• **SOURCE MATERIAL**
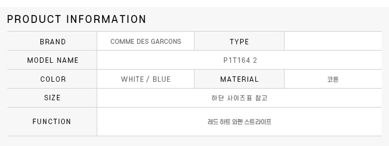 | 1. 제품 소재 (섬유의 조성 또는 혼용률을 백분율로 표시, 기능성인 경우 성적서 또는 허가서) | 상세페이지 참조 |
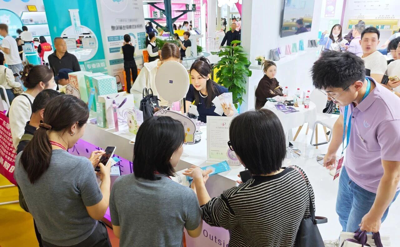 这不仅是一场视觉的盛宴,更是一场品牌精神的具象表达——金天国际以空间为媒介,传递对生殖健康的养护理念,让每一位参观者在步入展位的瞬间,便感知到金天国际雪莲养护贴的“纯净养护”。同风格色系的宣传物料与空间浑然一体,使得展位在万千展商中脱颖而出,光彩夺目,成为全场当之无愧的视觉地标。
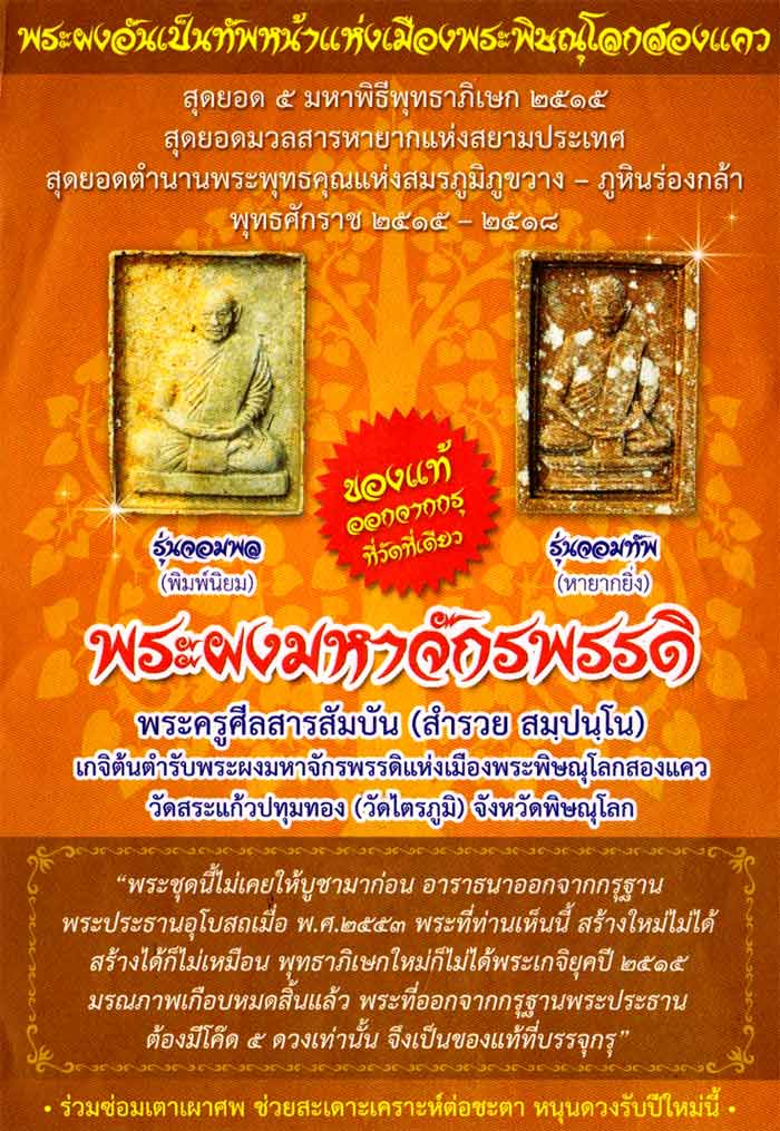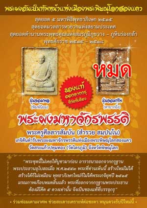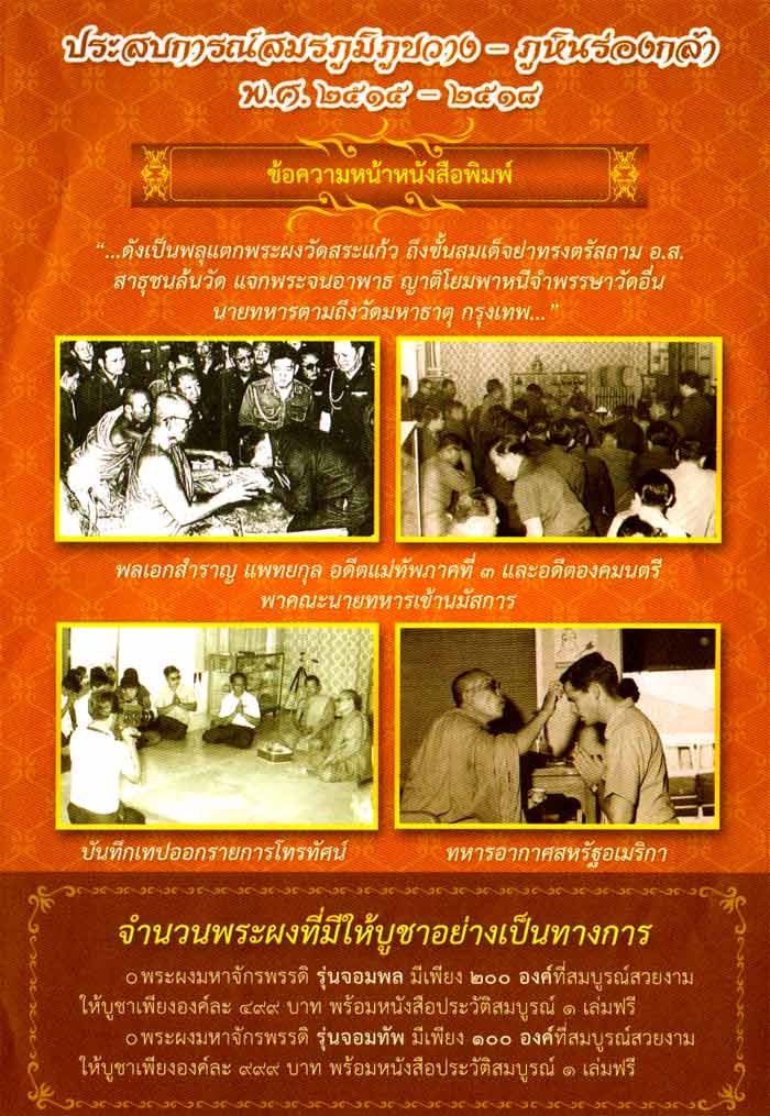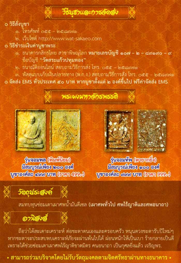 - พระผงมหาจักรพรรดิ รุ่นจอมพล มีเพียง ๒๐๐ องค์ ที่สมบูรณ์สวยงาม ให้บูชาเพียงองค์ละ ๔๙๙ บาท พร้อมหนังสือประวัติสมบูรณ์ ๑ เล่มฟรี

• **WHAT THIS TASK INVOLVES**
Restate the listing word for word, pictures omitted.

• **EXERCISE SOLUTION**
 | 1. 제품 소재 (섬유의 조성 또는 혼용률을 백분율로 표시, 기능성인 경우 성적서 또는 허가서) | 상세페이지 참조 |
 这不仅是一场视觉的盛宴,更是一场品牌精神的具象表达——金天国际以空间为媒介,传递对生殖健康的养护理念,让每一位参观者在步入展位的瞬间,便感知到金天国际雪莲养护贴的“纯净养护”。同风格色系的宣传物料与空间浑然一体,使得展位在万千展商中脱颖而出,光彩夺目,成为全场当之无愧的视觉地标。
 - พระผงมหาจักรพรรดิ รุ่นจอมพล มีเพียง ๒๐๐ องค์ ที่สมบูรณ์สวยงาม ให้บูชาเพียงองค์ละ ๔๙๙ บาท พร้อมหนังสือประวัติสมบูรณ์ ๑ เล่มฟรี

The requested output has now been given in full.